Find the explanation below,

We will be receiving the memberwise health stats such as Load average and 
memory consumption. Therefore when we find the fitted curve, we can apply it 
per member and find the curve details. Therefore what we find is a "memberwise 
curve".

Let me know if you have further questions regarding this.

Thanks.

> Introducing "curve fitting" for stat prediction algorithm of Autoscaler
> -----------------------------------------------------------------------
>
>                 Key: STRATOS-1211
>                 URL: https://issues.apache.org/jira/browse/STRATOS-1211
>             Project: Stratos
>          Issue Type: Bug
>          Components: Autoscaler, CEP
>            Reporter: Lahiru Sandaruwan
>              Labels: gsoc2015
>             Fix For: FUTURE
>
>
> This is a summery of a mail sent to Stratos dev under "[Autoscaling] 
> [Improvement] Introducing "curve fitting" for stat prediction algorithm of 
> Autoscaler" subject.
> Current implementation
> Currently CEP calculates average, gradient, and second derivative and send 
> those values to Autoscaler.

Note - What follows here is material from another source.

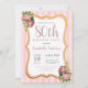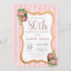 Invitación de Cumpleaños Floral Brillante Dorado Rayado Rosa Vintage Shabby Chic 80
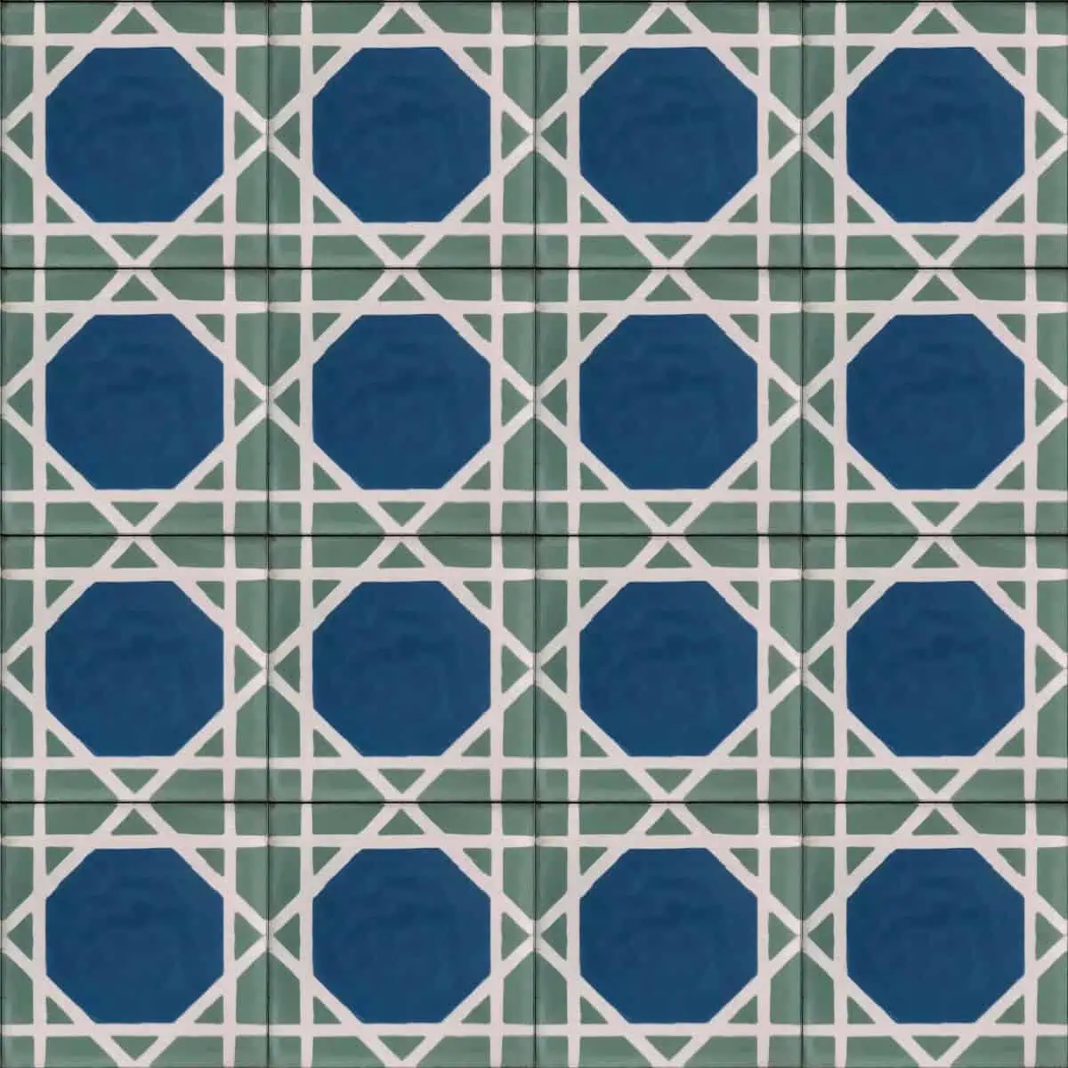 Moroccan pattern tile STAR design in white blue and green color

Then Autoscaler predicts the values using S = u*t 
> + 0.5*a*t*t.
> In this method CEP calculation is not very much accurate as it does not 
> consider all the events when calculating the gradient and second derivative. 
> Therefore the equation we apply doesn't yield the best prediction.
> Proposed Implementation
> CEP's task
> I think best approach is to do "curve fitting"[1] for received event sample 
> in a particular time window. Refer "Locally weighted linear regression" 
> section at [2] for more details.
> We would need a second degree polynomial fitter for this, where we can use 
> Apache commons math library for this. Refer the sample at [3], we can run 
> this with any degree. e.g. 2, 3. Just increase the degree to increase the 
> accuracy.
> E.g.
> So if get degree 2 polynomial fitter, we will have an equation like below 
> where value(v) is our statistic value and time(t) is the time of event.
> Equation we get from received events,
> v = a*t*t + b*t + c
> So the solution is,
> Find memberwise curves that fits events received in specific window(say 10 
> minutes) at CEP
> Send the parameters of fitted line(a, b, and c in above equation) with the 
> timestamp of last event(T) in the window, to Autoscaler
> Autoscaler's task
> Autoscaler use v = a*t*t + b*t + c function to predict the value in any 
> timestamp from the last timestamp
> E.g. Say we need to find the value(v) after 1 minute(assuming we carried all 
> the calculations in milliseconds),
> v = a * (T+60000) * (T+60000) + b * (T+60000) + c
> So we have memberwise predictions and we can find clusterwise prediction by 
> averaging all the memberwise values.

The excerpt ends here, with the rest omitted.